Age and Change or Dead Men Don't Win Bar Fights

Change works for me. Changing jobs. Changing cities. Changing addresses. The work of change stinks, but once it’s done, I just like the difference, for its own sake. One change I haven’t liked so much is the very real feeling of aging. You see it at 30 and that’s not so great. Still, age has made some changes in me for the better.

The tale of the short story.

For the last few years, I have been trying to fund a publisher for a short story I wrote. It’s called “Work Off,” and it’s about a boyfriend who finds his girlfriend doing Tae Bo Aerobics naked, in a roomful of other naked Tae Bo fighters. As the story proceeds, you learn the nudity was a communal act of protest against his oppressive ways.

The story won me a handwritten note on the rejection slip from The Missouri Review and a fiery ovation at coffee shop reading in Madison, Wisconsin. I thought it was good enough for publication, but it just hadn’t found its outlet yet.

There’s a small magazine here in Philadelphia that I read, and I decided to submit it there. I wanted to give it a quick read for typos first, though, so I opened it up this past Tuesday.

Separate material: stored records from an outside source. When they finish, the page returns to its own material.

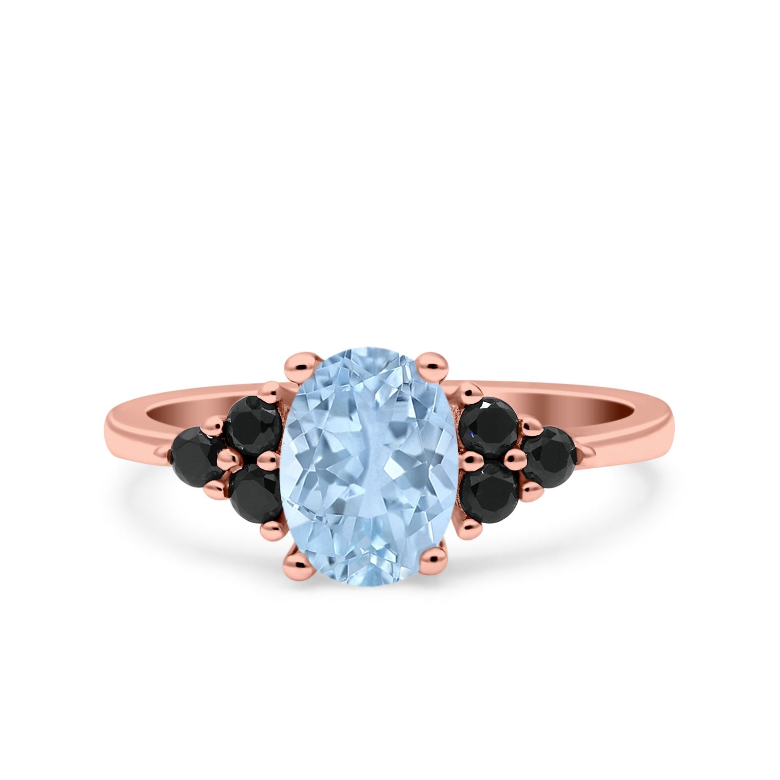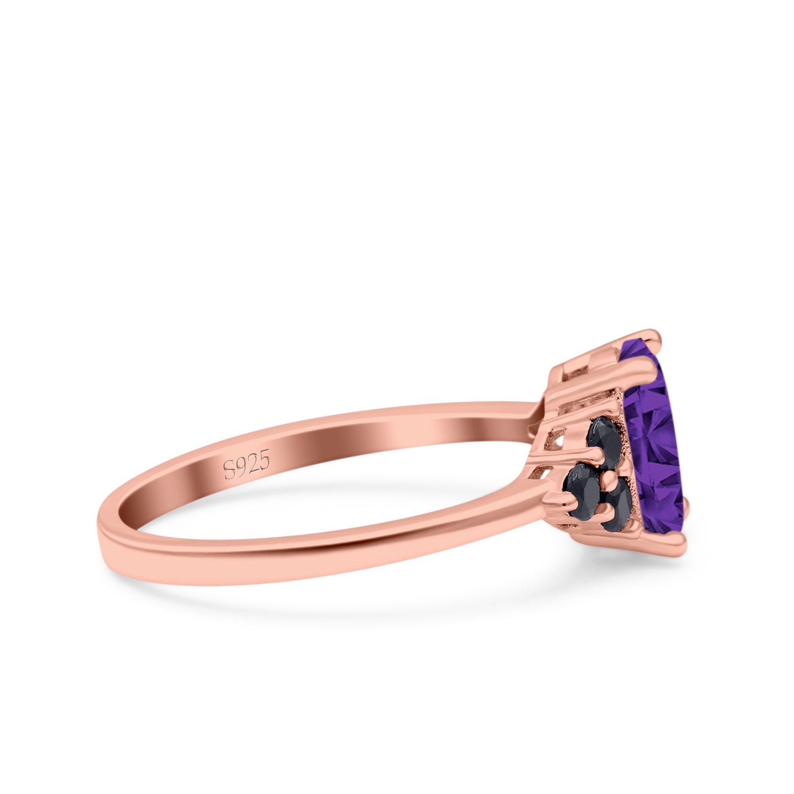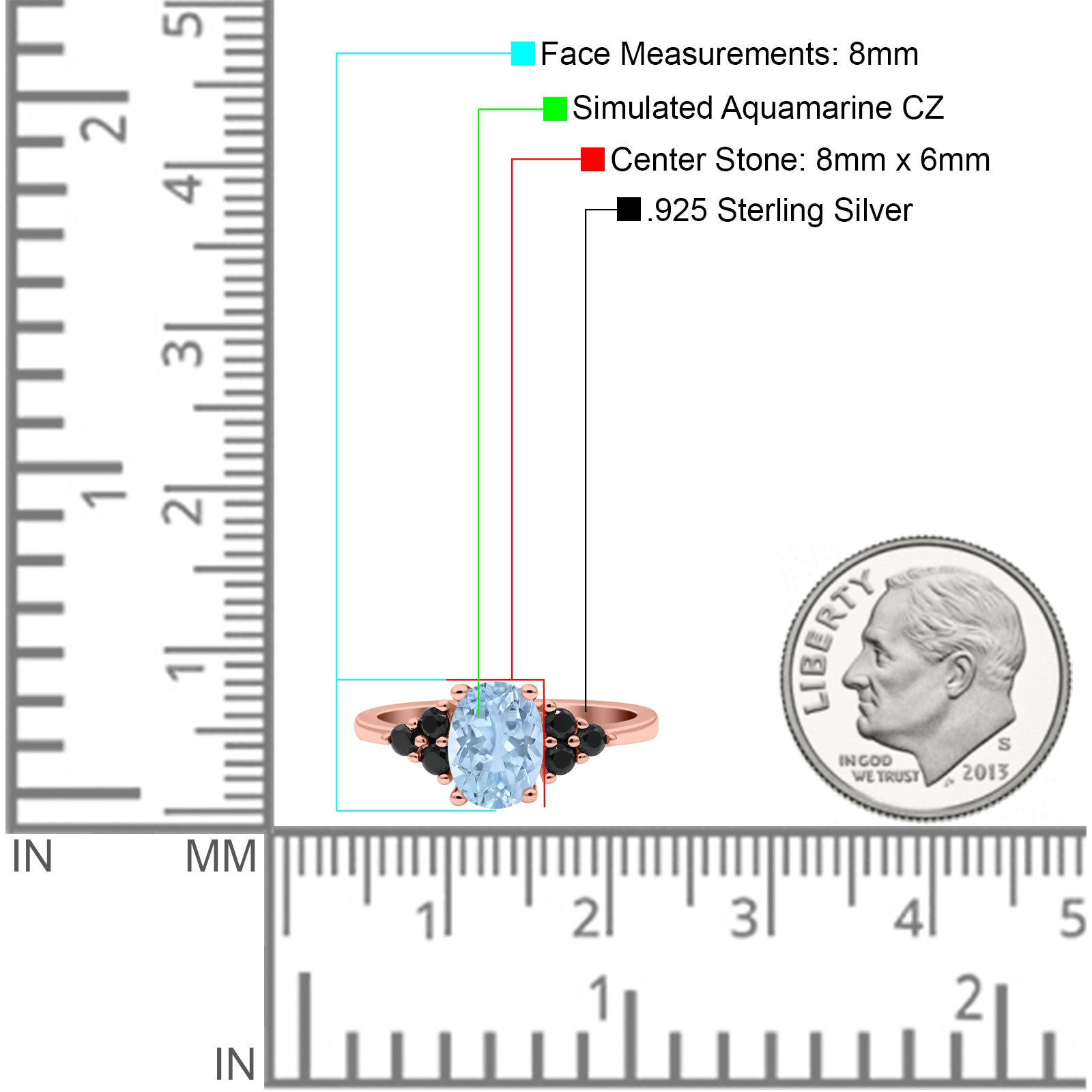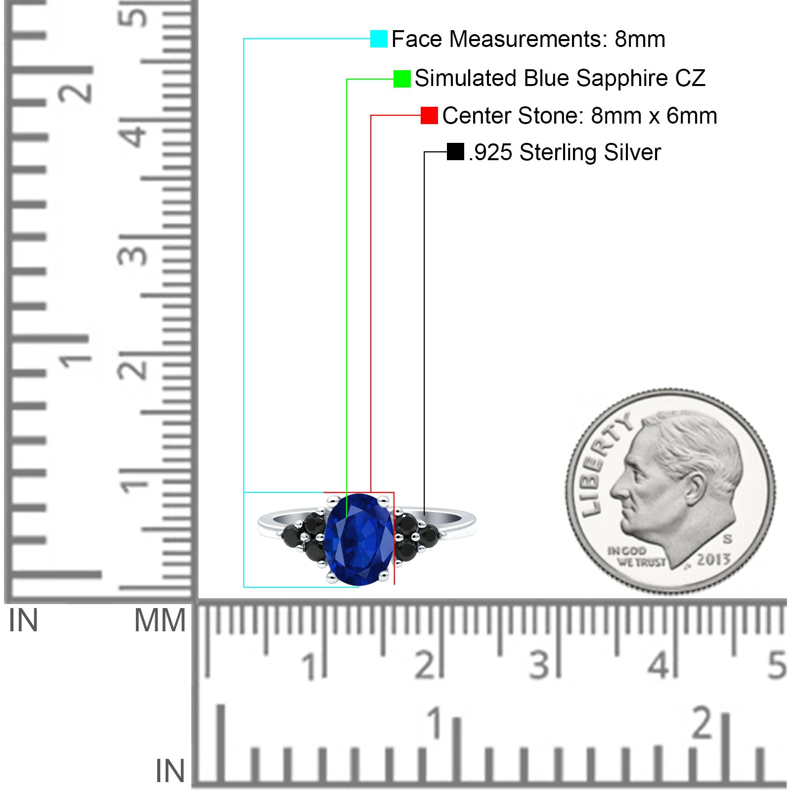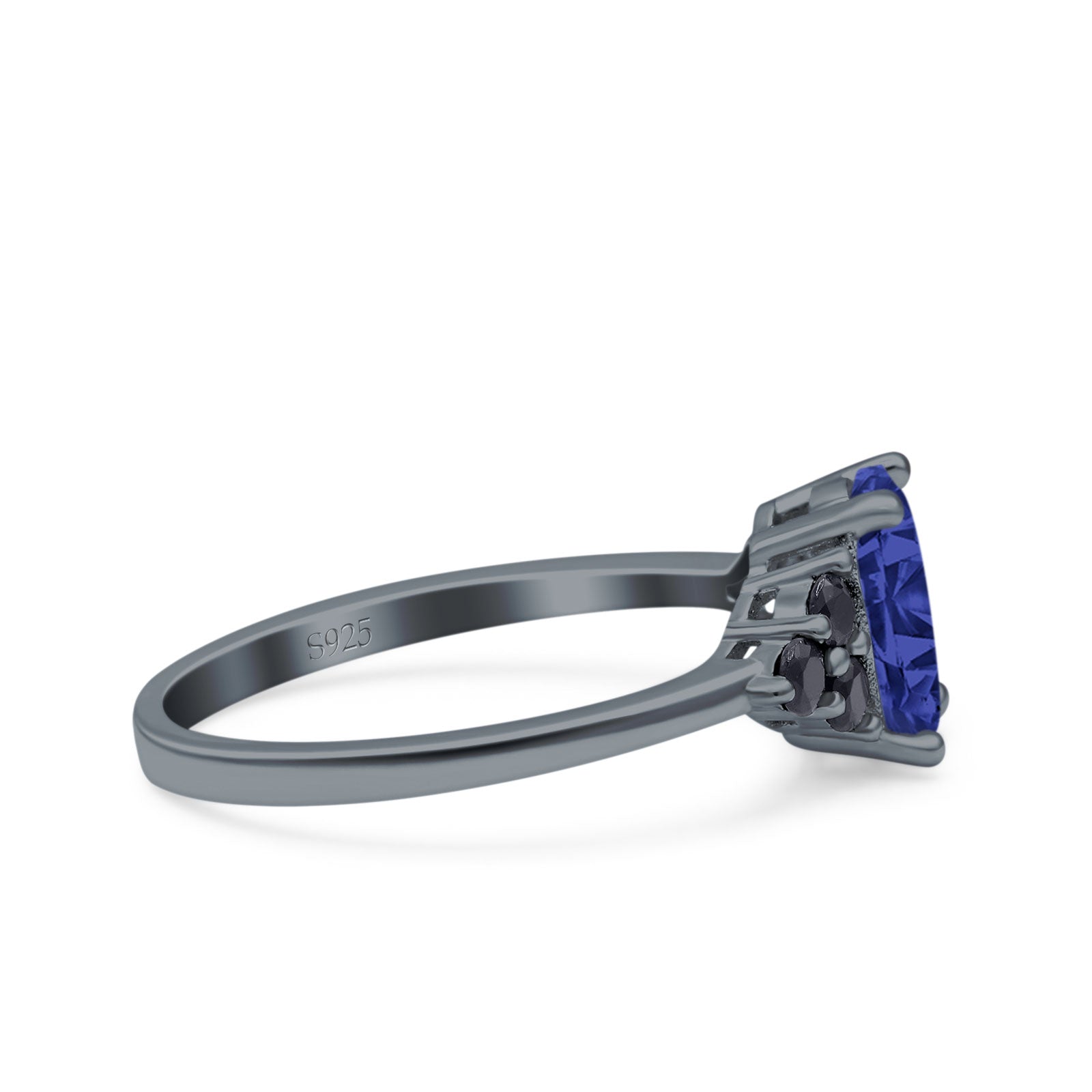 Art Deco Oval Wedding Engagement Bridal Ring Black Simulated Cubic Zirconia 925 Sterling Silver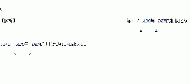 △ABC与△DEF的相似比为1:4,则△ABC与△DEF的周长比为( )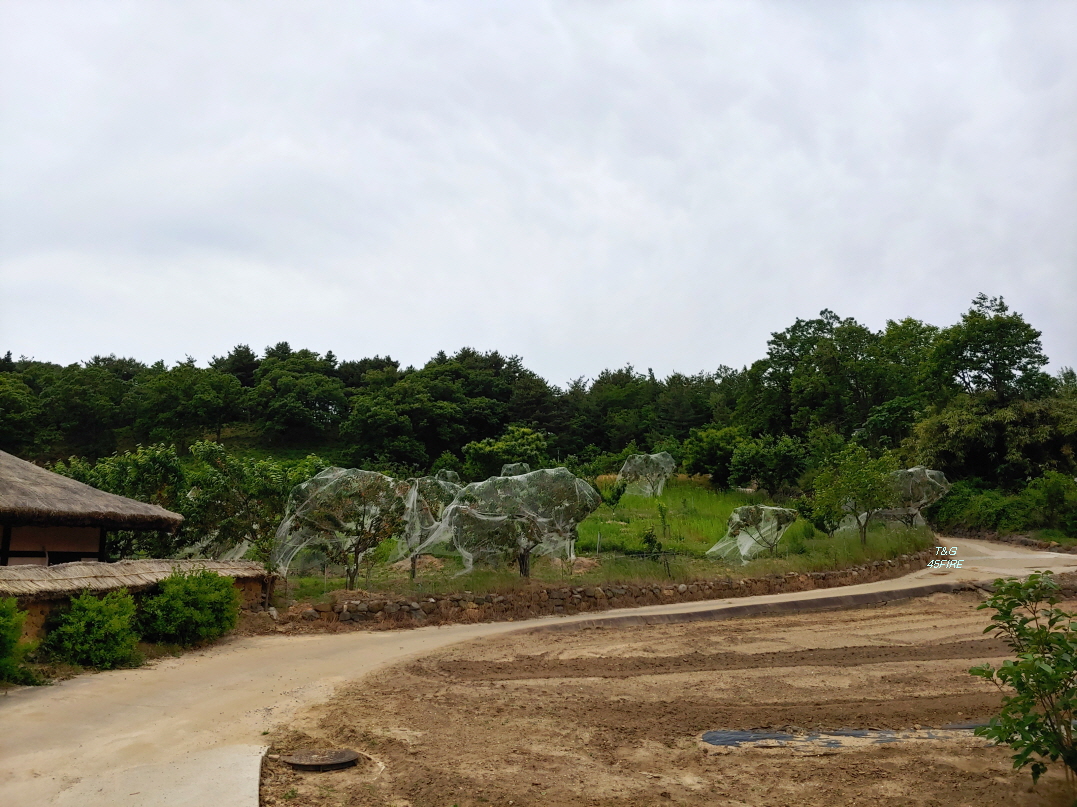 한쪽에는 나무를 흰 그물 같은 것으로 덮어놨다. 병충해 방지용인지.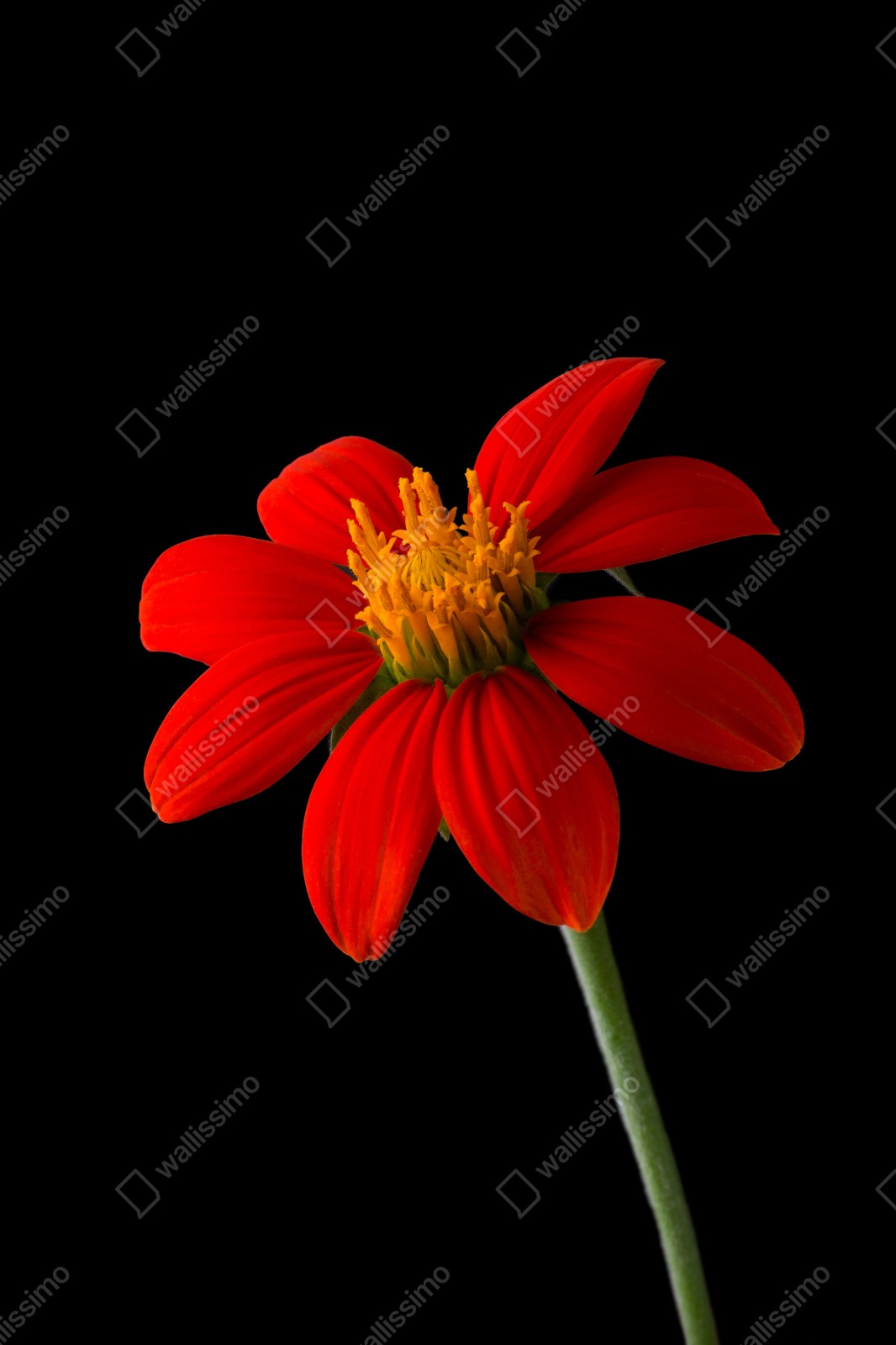 Jaskrawy czerwono-pomarańczowy słonecznik meksykański na głębokim czarnym tle wprowadza wyrazistą botaniczną elegancję do każdego wnętrza.

Wow, it was bad. Real bad. Wording. Pacing. Character. I still like the plot, but the only hope for this story was to take a blank page in the notebook and repackage it from “Once upon a time” on.

So what’s the positive side? This: that I could even see it. Before, I thought this story had it. Now, I can see why it doesn’t. Finally. At last.

Some part of me has gotten smarter.

The tale of the philosopher.

When I read Plato in college, I struggled to stay interested enough to talk about his work intelligently in class. I never really read the bits of Aristotle we were assigned. All I really remember about my Freshmen year Philosophy class is an image from Rousseau — I see naked men running between city states. That’s all I’ve got.

One of the ideas I have for my new book requires me to go back and read some Plato, some Aristotle, maybe some others, to help inform the tensions between some of the main characters, so I’m reading Plato again. It’s a whole different experience. It’s as if I never read him before.

I find myself engaged in a way I hadn’t been in class. It engages me on two levels:

  1. Socrates has a great character. He’s so snarky.

  2. All the fundamental assumptions of Socrates/Plato’s “investigations” are nonsense. I really disagree not just with what the philosophers have to say, but with the very premises by which they mean to sort it out.

When I was a teenager, Plato’s ideas should have been very seductive to me. I remember sitting with my mother and telling her that the goal of intelligent people should be to develop an ideology such that all their thinking about everything is consistent. Socrates sought a unity in all things, too, a simplification, a clarity.

Not to go into too much detail, but these days I believe the clearest mind is the one that looks well upon chaos. That definitions are a means, but they sure as hell aren’t an end. Lastly, that language alone can’t prove or disprove anything. In short, I find objecting to Plato very engaging.

Try as I might, I couldn’t get into it like this as a Freshmen, and I can’t help but think that was simply because I didn’t have the chops to wrestle with the old master yet. Now, I seem to, and wrestle with him I do.

And, lucky for me, dead men don’t win bar fights.

What’s good about going?

Now that I can look back on the way my worldview has changed since my brain switched on, it really gives me a greater appreciation for the journey. I suppose a beetle walking slowly and low to the ground might not notice the gradual change as he crossed desert then meadow then tundra, but if he looked back through his camera’s snapshots he’d see — the landscape has really changed. If the landscape has changed, at least that means you’ve gotten somewhere.